Use of time from fever onset improves the diagnostic accuracy of C-reactive protein in identifying bacterial infections.Segal I, Ehrlichman M, Urbach J, Bar-Meir M.Arch Dis Child. 2014 May 15. [Epub ahead of print]
OBJECTIVE: To determine whether the input of time from fever onset will change the accuracy of C-reactive protein (CRP) in diagnosing bacterial infections in febrile children.
We performed a prospective observational study on febrile children presenting to the emergency department. The diagnostic performance of CRP at different time points from fever onset was compared using a receiver operating characteristic (ROC) curve.

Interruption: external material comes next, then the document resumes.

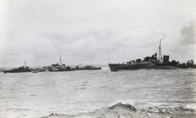 A division in a quarter line of three destroyers: (right - left) HMS Nonpareil (Hr. Ms. Tjerk Hiddes), HMS Offa and HMS Norseman at Scapa Flow during preparations for the Second Front.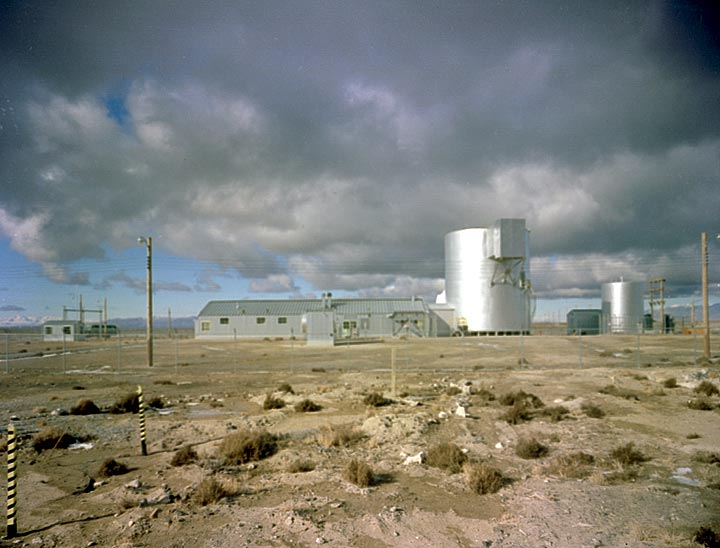 An outside view of the ALPR facility.

Among 373 patients included, 103 (28%) had bacterial infection. The optimal cut-off for CRP suggesting bacterial infection changed with time from fever onset: 6 mg/dL for >12-24 h of fever; 10.7 and 12.6 mg/dL at >24-48 and >48 h of fever, respectively. The input of time from fever onset improved the area under the ROC curve from 0.83 (95% CI 0.78 to 0.88) for CRP overall to 0.87 (95% CI 0.77 to 0.96) and 0.90 (95% CI 0.84 to 0.97) at >24-48 and >48 h of fever, respectively. Duration of fever mostly affected the ability of CRP to correctly rule out bacterial infections. CRP level of 2 mg/dL obtained at ≤24 h of fever corresponds with a post-test probability for bacterial infection of 10%, whereas the same value obtained >24 h of fever reduces the risk to 2%.
Clinicians should apply different CRP cut-off values depending on whether they are trying to rule in or rule out bacterial infection, but also depending on fever duration at the time of CRP testing.